Shoot for at least 1500 total steps, but take this with a hefty grain of salt. The number of steps is decreased when you increase either the batch size or gradient accumulation and is doubled when using things like flip augmentation.

You can either overshoot by putting in more epochs than you think you'll need, and simply reviewing them and choosing the one you like, or you can undershoot and then start from there if you feel like it's undercooked by putting your starting point in at LoRA > Training > Parameters > Basic ... LoRA network weights.

Train

It takes a while to create your lora. Make sure that you don't have your Stable Diffusion client open, since it's sucking up some vram just sitting around and will probably slow the process down. At least it does with my 8G card.

Test the final lora

Run a few batches of your showcase for the lora to see how it goes. 20 images should give you a good idea if it's overtrained.

Oh crap, I overtrained my lora

Your girl is looking kind of fried, eh? Worry not, kind traveler. You did remember to save your lora every couple of epochs, right? You can use the A1111 script "X/Y/Z grid" to compare the different versions of your lora against each other.

One of the options in the script is "Prompt S/R", which will take a part of your prompt and replace it with something else. Since we specify the lora by filename in the prompt, we can replace the specified version with different versions, and we'll get a grid.

If you're using Dynamic Prompts for your showcase images (and you definitely should), make sure that "Unlink seed from prompt" is unchecked, because we want to compare apples to apples against the different lora versions.

The other axis of your grid should be "Seed". Fill this in with some -1s. This will generate a seed for that column/row to work with.

After you've inspected the grid and selected an epoch, simplify the name of the file and use that as your lora. You should do it now, because you're going to be creating showcase images next, and you want your prompts to make sense.

Create some showcase images

For this, you want to use both XYZ grid and dynamic prompts. I've used two strategies for this. One is more hands on, and the other more hands off.

How many images?

Well, I think you should try to fill your showcase post, which allows for 20 images. You're going to get some loss with bad gens, and you want to exercise your new lora in your favorite checkpoints.

I usually do 10-20 gens per checkpoint. I might end up with 100 images, and during review I'll often far exceed the mere 20 that can fit into the showcase.

In such an eventuality, I still give these images their time in the sun by creating a new post to put them in. They'll show up on your lora page, too.
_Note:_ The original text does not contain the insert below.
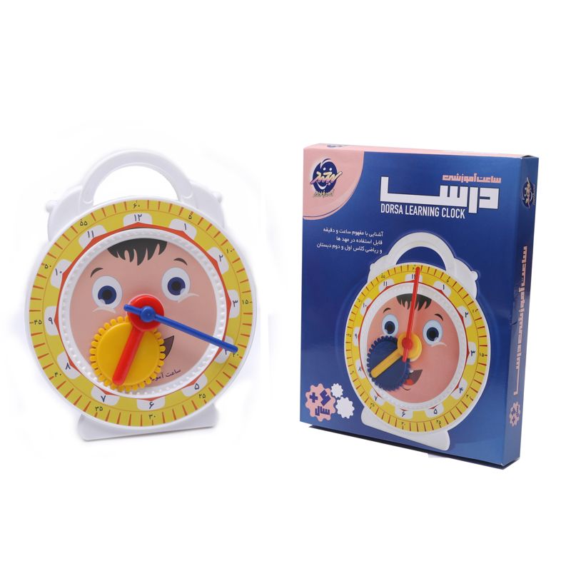 در این مجموعه یک عدد ساعت پلاستیکی پایهدار همراه با عقربههای متحرک و اهرم گردش عقربهها ارائه شده است. هدف اصلی از این محصول آموزش ساعت و مفهوم زمان به دانشآموزان مقطع دبستان است. با استفاده از این ساعت دانشآموزان به راحتی میتوانند مفهوم ساعت و دقیقه را بیاموزند. چرخ دنده بزرگ روی صفحهی این ساعت این امکان را برای دانشآموزان فراهم میکند تا با یک دور کامل چرخاندن عقربه دقیقه شمار، عقربه ساعت شمار یک ساعت جابجا شود. این وسیله میتواند یکی از ابزارهای آموزشی بسیار مؤثر در سر کلاس باشد.

When I see loras with like 4 showcase images, it's a red flag. If your lora is unable to consistently create usable images, it shouldn't be published anyway. You should shoot for like an 80%+ hit rate. And some checkpoints just won't play well with some loras, so if you think yours is trash, check a couple of other checkpoints before scrapping it.

The hands off way

Run a batch with a batch count of 20 and a batch size of 1. Upscale your image by 1.5 to 2.5 with a .2 to .35 denoising.

In conjunction with this, you're going to want to use XYZ grid to pass it through a number of different checkpoints.

You don't need to create an actual grid for this, so you can turn that off if you want.

If you're using Dynamic Prompts, be sure to check "Unlink seed from prompt".

This will ensure that each checkpoint gets a different dynamic prompt for the same seed (which will be incremented by the batch). If you don't unlink the seed from the prompt, the same prompt will be used against all of your specified checkpoints, reducing the diversity of your images.

The hands-on way

This is my preferred method.

The objective here is the same as the hands-off way. But instead of wasting your time upscaling a bunch of generations that you don't want to use anyway, you're carefully vetting the initial images and sending them to img2img for upscaling. This strategy allows you to review the generated images while your batch is still processing so that when it's done, it will start upscaling what you want in your showcase.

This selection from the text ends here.